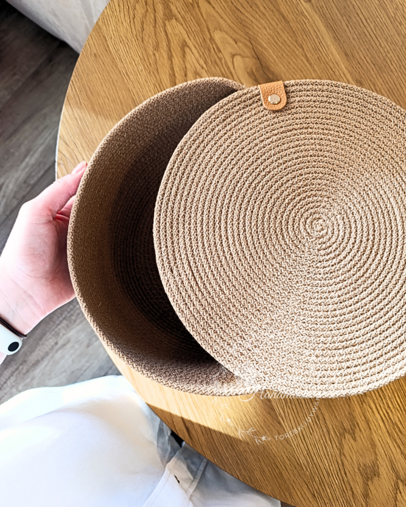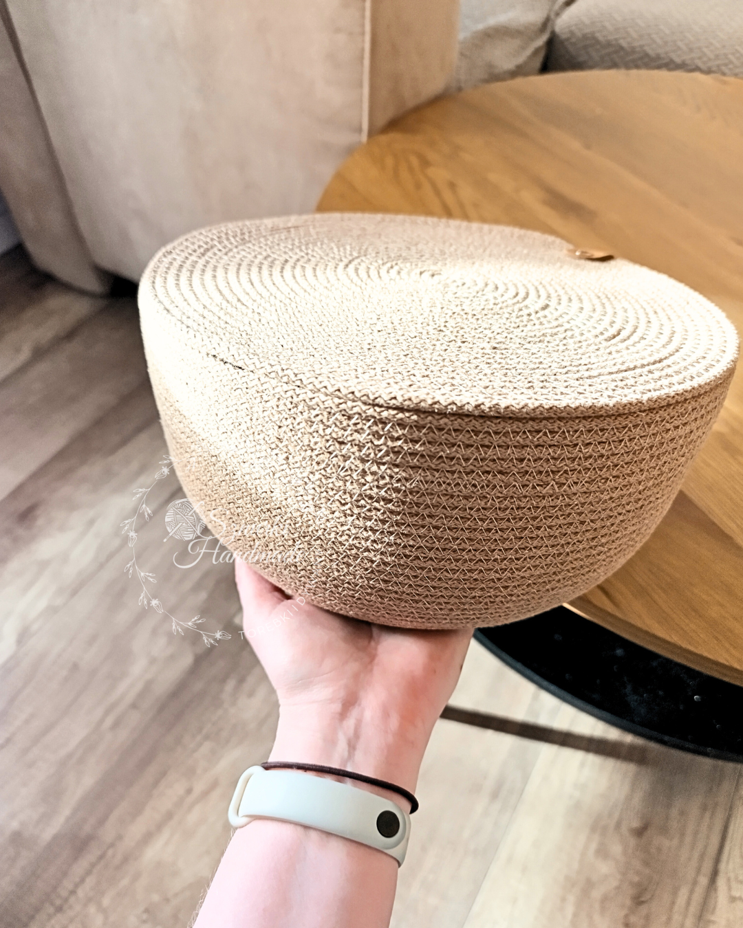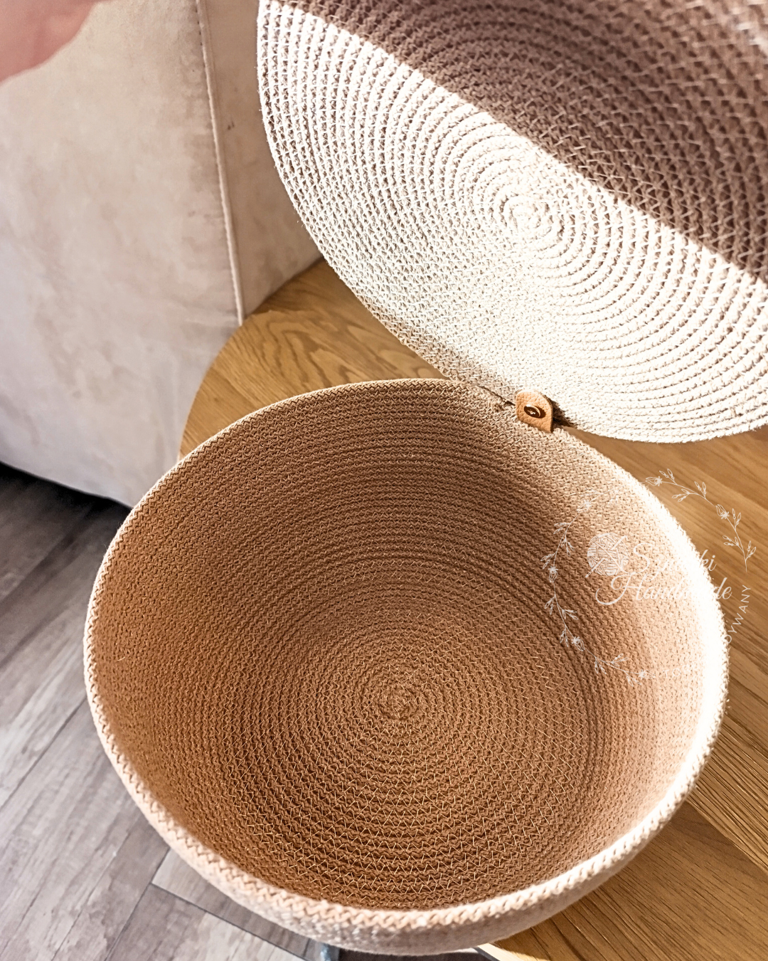 Stylowy i funkcjonalny kosz ręcznie szyty z wysokiej jakości sznurka bawełnianego.
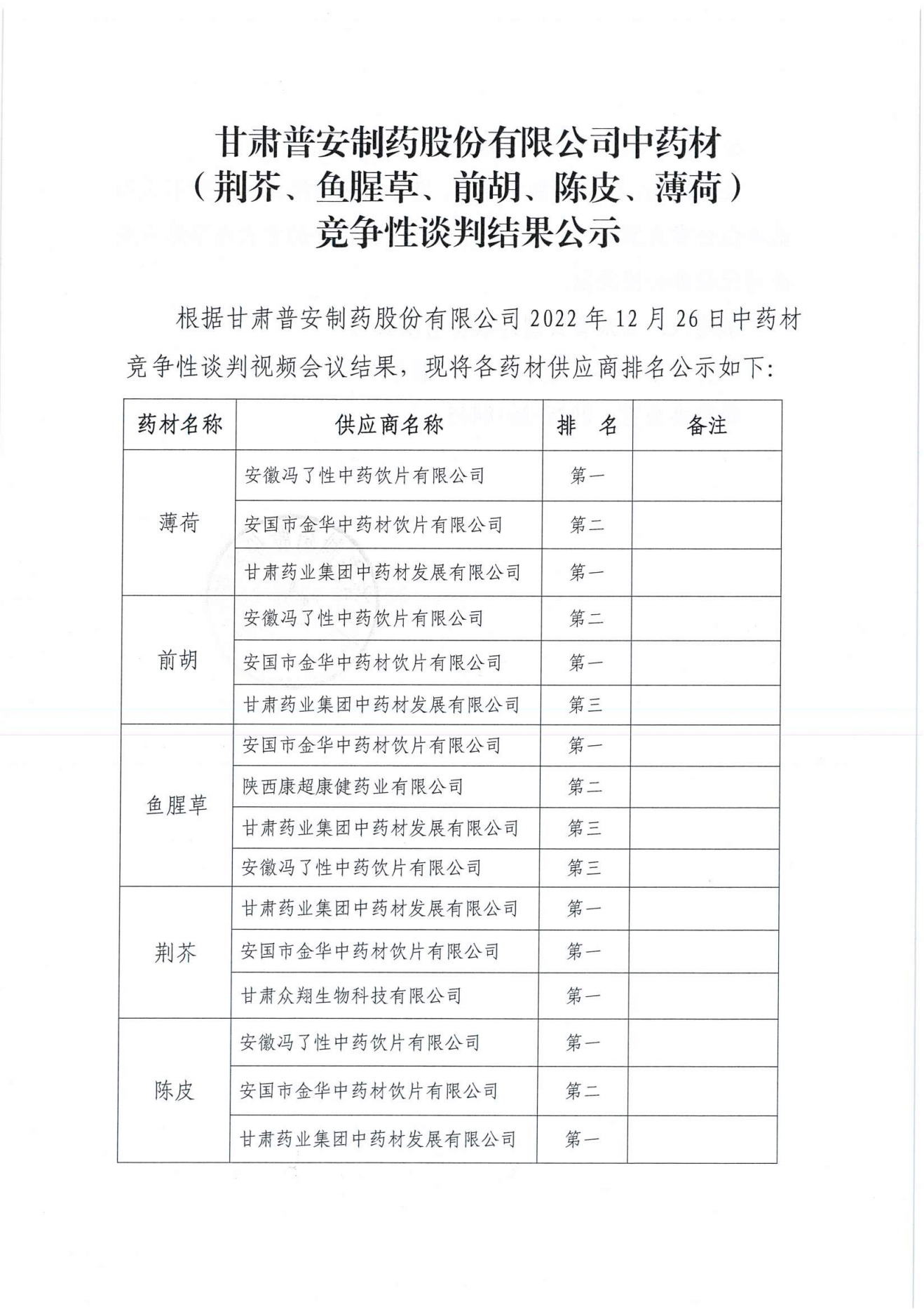 甘肅普安制藥股份有限公司 中藥材(荊芥、魚(yú)腥草、前胡、陳皮、薄荷)競(jìng)爭(zhēng)性談判結(jié)果公示
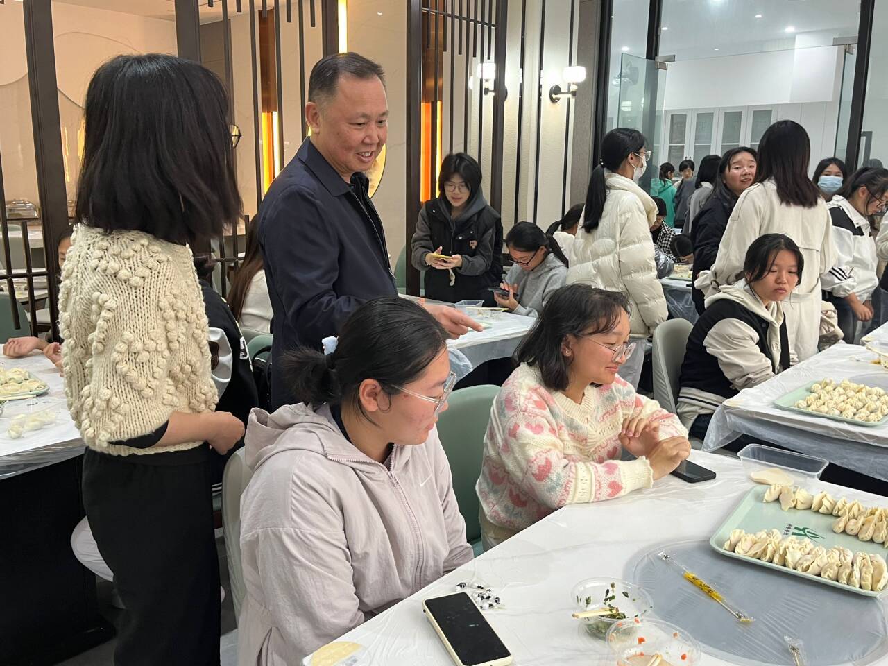 曾武祈走進學生中間,從《說文解字》中具有重要文化含義的意向性比喻——“法平如水”出發(fā),娓娓道來,幫助在場師生深化對法的基本理解。在與同學們親切交談的過程中,他指出,餃子作為中華民族飲食文化的瑰寶,蘊含著深厚的歷史底蘊與民族情感,是文化傳承的生動載體。此次活動,師生共話家常,同包餃餌,不僅增進了情誼,更在無形中延續(xù)了中華優(yōu)秀傳統(tǒng)文化血脈。近年來,我校深入探索“一站式”學生社區(qū)建設新方法新路徑,不斷提升學生社區(qū)精準育人效能。青年學子應以此次活動為契機,學深悟透“兩個結合”,更好肩負新時代的憲法宣傳使命,實現中華優(yōu)秀傳統(tǒng)文化與法治理念深度融合和實踐。
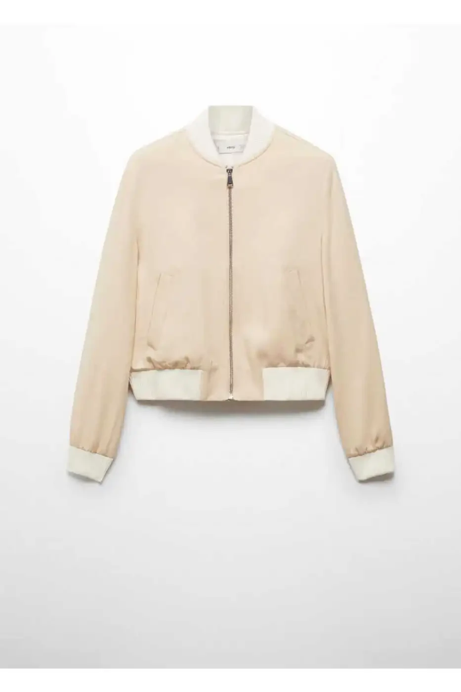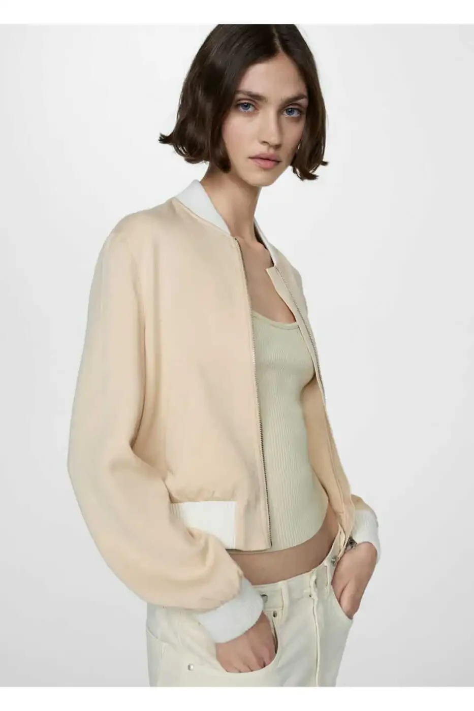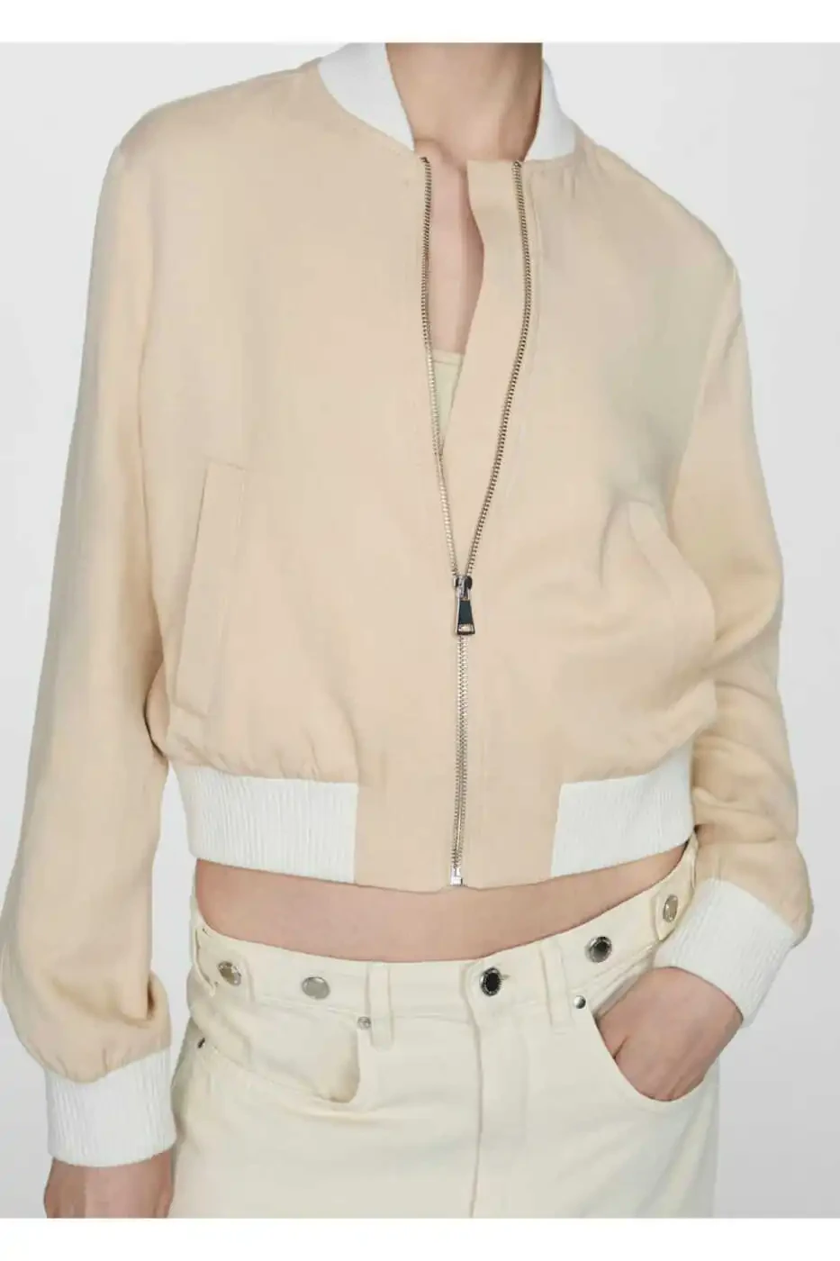 This stylish bomber jacket, designed with the perfect combination of linen and lyocell fabric, brings together comfort and style. Its bomber style cut offers both a sporty and elegant look, while the breathability and softness of the linen and lyocell blend ensures a comfortable wearing experience all day long. A bomber jacket collar, long sleeves, and cuffs reflect the classic bomber jacket look, while a metal zippered front closure provides ease for practical use. With two side slit pockets, you can both carry small items safely and keep your hands warm in cold weather. Elastic embellishments add a modern and stylish touch to the jacket.

Problem. When you repeat the material, keep every word exact and drop the pictures.

Your solution.
 Stylowy i funkcjonalny kosz ręcznie szyty z wysokiej jakości sznurka bawełnianego.
 甘肅普安制藥股份有限公司 中藥材(荊芥、魚(yú)腥草、前胡、陳皮、薄荷)競(jìng)爭(zhēng)性談判結(jié)果公示
 曾武祈走進學生中間,從《說文解字》中具有重要文化含義的意向性比喻——“法平如水”出發(fā),娓娓道來,幫助在場師生深化對法的基本理解。在與同學們親切交談的過程中,他指出,餃子作為中華民族飲食文化的瑰寶,蘊含著深厚的歷史底蘊與民族情感,是文化傳承的生動載體。此次活動,師生共話家常,同包餃餌,不僅增進了情誼,更在無形中延續(xù)了中華優(yōu)秀傳統(tǒng)文化血脈。近年來,我校深入探索“一站式”學生社區(qū)建設新方法新路徑,不斷提升學生社區(qū)精準育人效能。青年學子應以此次活動為契機,學深悟透“兩個結合”,更好肩負新時代的憲法宣傳使命,實現中華優(yōu)秀傳統(tǒng)文化與法治理念深度融合和實踐。
 This stylish bomber jacket, designed with the perfect combination of linen and lyocell fabric, brings together comfort and style. Its bomber style cut offers both a sporty and elegant look, while the breathability and softness of the linen and lyocell blend ensures a comfortable wearing experience all day long. A bomber jacket collar, long sleeves, and cuffs reflect the classic bomber jacket look, while a metal zippered front closure provides ease for practical use. With two side slit pockets, you can both carry small items safely and keep your hands warm in cold weather. Elastic embellishments add a modern and stylish touch to the jacket.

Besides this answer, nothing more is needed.